Juru Bicara PT Freeport Indonesia Riza Pratama mengatakan jajarannya sedang menyiapkan surat balasan ke Gubernur Papua Lukas Enembe yang sebelumnya meminta perusahaan mempekerjakan kembali eks karyawan, dan membayar hak-hak mereka selama mogok kerja berlangsung sejak Mei 2017.

"Kami sedang menyiapkan surat ke Pak Gubernur. Pada prinsipnya posisi perusahaan yaitu kita menganjurkan eks karyawan tersebut menempuh jalur hukum melalui Pengadilan Hubungan Industrial (PHI)," jelas Riza di Timika, Papua, Kamis (21/2/2019).

Riza yang juga menjabat Vice President PT Freeport Indonesia Bidang Coorporet Communication itu menilai penyelesaian melalui jalur PHI merupakan solusi terbaik untuk mengakhiri polemik panjang terkait permasalahan yang menimpa 2.300 eks karyawan permanen Freeport.

"Menurut kami itu jalan yang terbaik. Posisi kami selama ini belum berubah," katanya.

Manajemen Freeport, katanya, menghormati surat Gubernur Papua Lukas Enembe tertanggal 19 Desember 2018 yang baru diserahkan kepada pihak eks karyawan (karyawan moker) pada pertengahan Februari 2019.

Riza menegaskan perusahaan sudah melakukan berbagai cara dan upaya menyikapi kasus mogok kerja ribuan karyawannya sejak Mei 2017, termasuk berkonsultasi dengan pihak Kementerian Tenaga Kerja dan Pengurus Pusat Serikat Pekerja Kimia, Energi dan Pertambangan (SP-KEP) SPSI di Jakarta.

"Berbagai pihak itu sudah menyetujui tindakan yang kita lakukan.
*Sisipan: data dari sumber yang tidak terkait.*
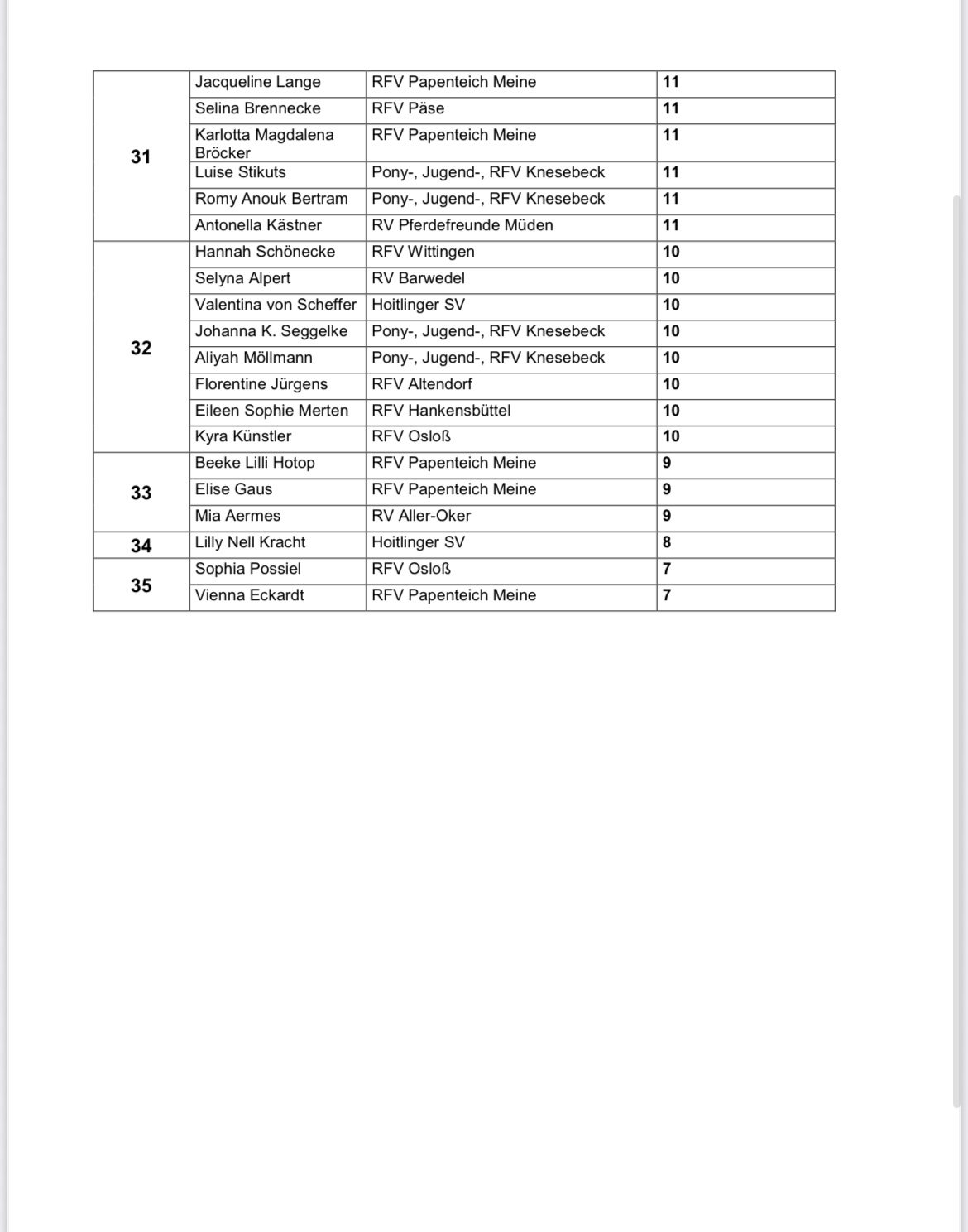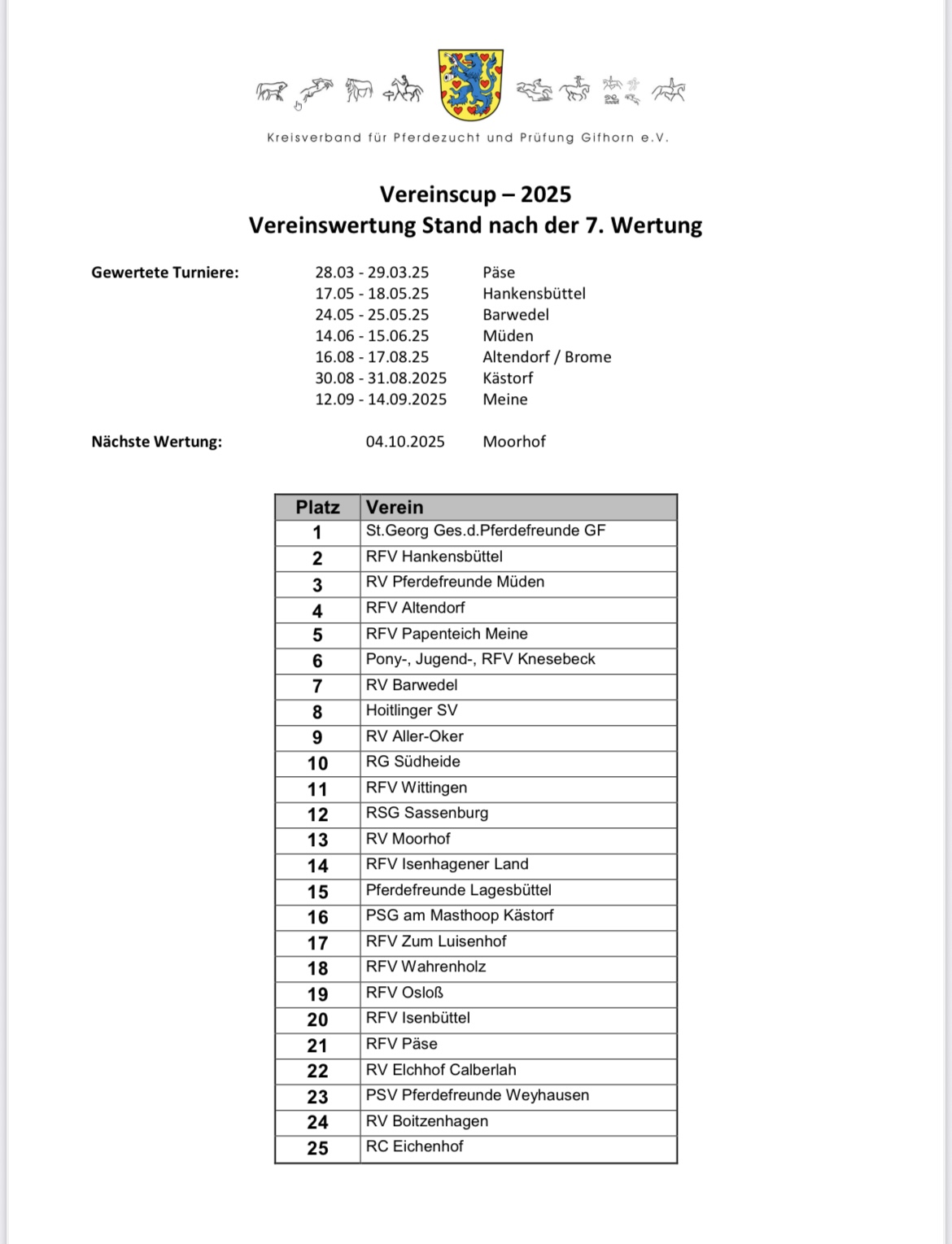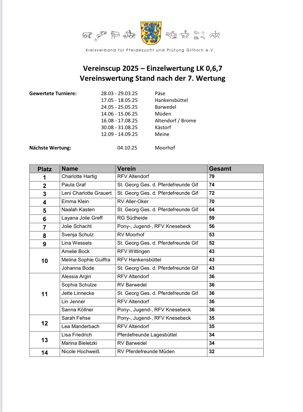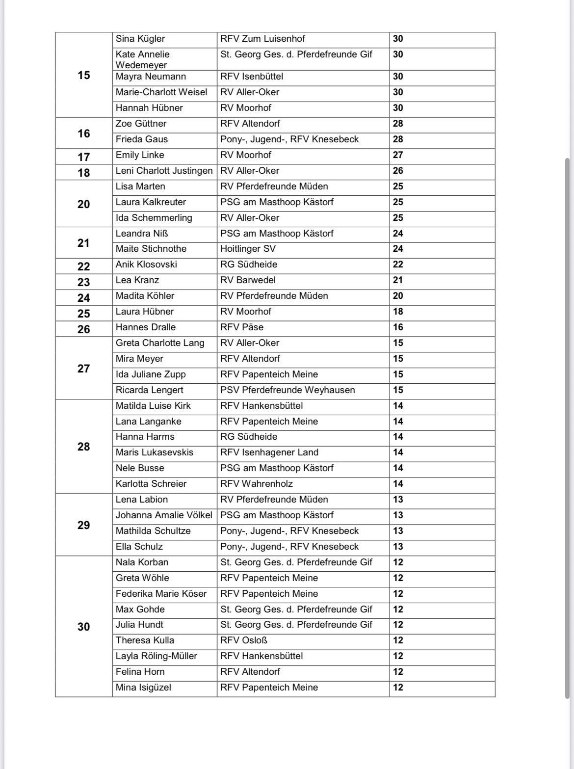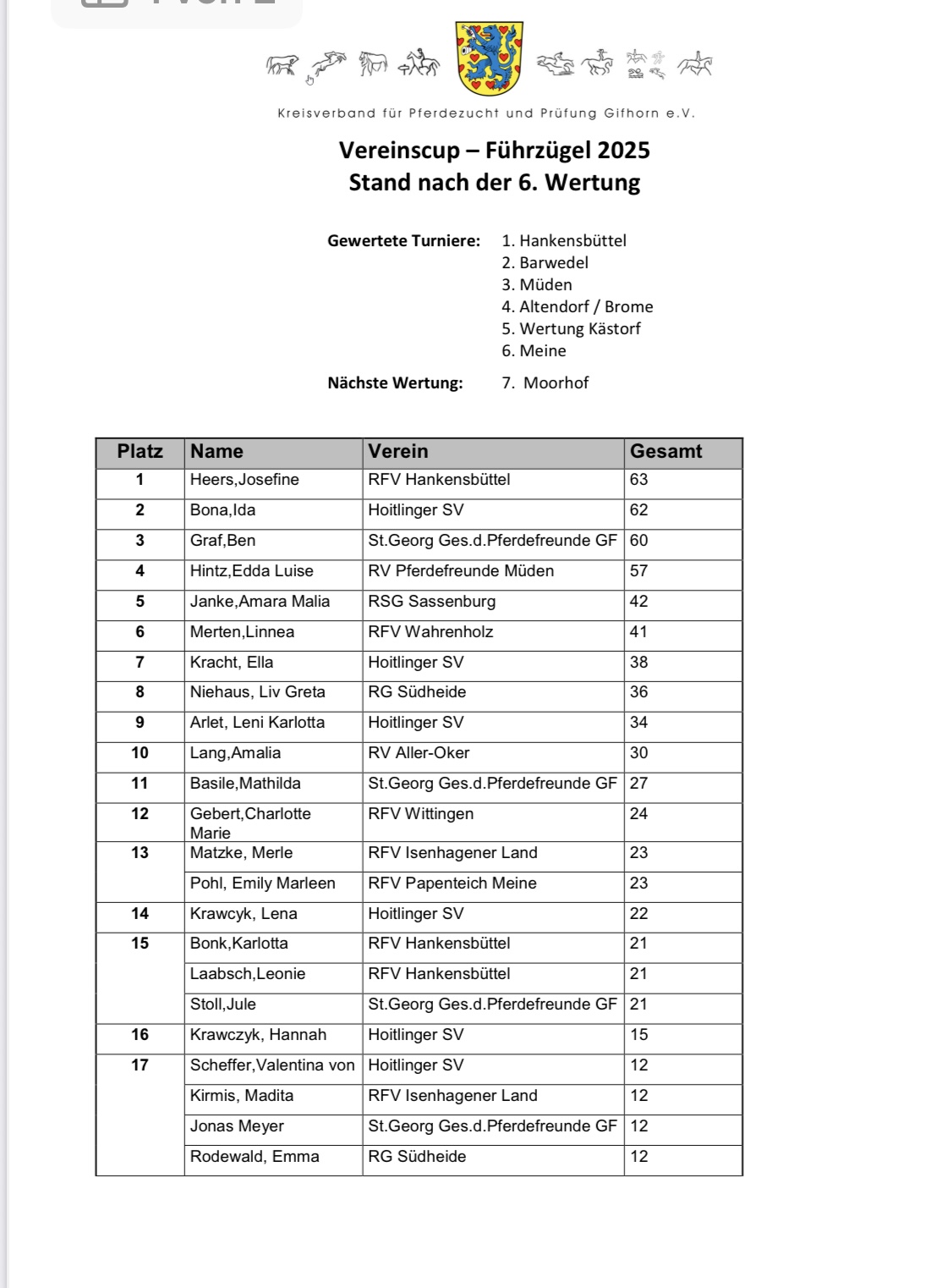 Stand nach dem 2. Turnier (Hankensbüttel)
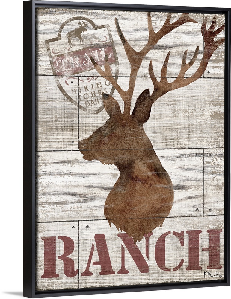 <p>Contemporary decorative artwork of a deer silhouette with the word "ranch" on a textured wooden background.</p>

Sebab jangka waktu yang kita berikan kepada kawan-kawan kita itu cukup lama yaitu mulai dari April hingga Desember 2017. Perusahaan juga sudah mengimbau mereka untuk bekerja kembali lewat kontraktor kita, tapi kebanyakan dari mereka tidak mau mengambil kesempatan itu. Jadi, penyelesaian melalui jalur PHI mungkin merupakan jalan terbaik," jelas Riza.

Konflik ketenagakerjaan di lingkungan PT Freeport terjadi pascapemerintah tidak lagi memperpanjang izin ekspor konsentrat pada pertengahan Januari 2017. Di saat bersamaan, PT Freeport juga tidak dapat mengirim 40 persen produksi konsentratnya ke pabrik pengolahan smelting di perusahaan Smelter Gresik, Jawa Timur karena saat itu tidak beroperasi.

Menyikapi kondisi itu, manajemen PT Freeport kemudian mengambil langkah-langkah efisiensi, salah satunya dengan merumahkan sejumlah karyawannya.

"Saat itu kami tidak melakukan Pemutusan Hubungan Kerja/PHK karyawan, hanya merumahkan beberapa karyawan. Perusahaan tetap membayar gaji kepada karyawan yang dirumahkan. Sampai sekarang ada yang masih menerima gaji, ada yang sudah mengambil paket pensiun dan ada yang sementara dalam proses pensiun," ujar Riza.

Keputusan manajemen Freeport merumahkan sebagian karyawan itu atau yang dikenal dengan 'kebijakan furlough' itu menimbulkan reaksi protes dari Pimpinan Unit Kerja SP-KEP SPSI PT Freeport yang didukung oleh pengurus DPC SP KEP SPSI Kabupaten Mimika pimpinan Aser Gobay.

Pengurus SPSI berpendapat kebijakan furlough yang diterapkan Freeport di luar aturan ketenagakerjaan Indonesia dan mendesak perusahaan melakukan perundingan terlebih dahulu dengan serikat pekerja.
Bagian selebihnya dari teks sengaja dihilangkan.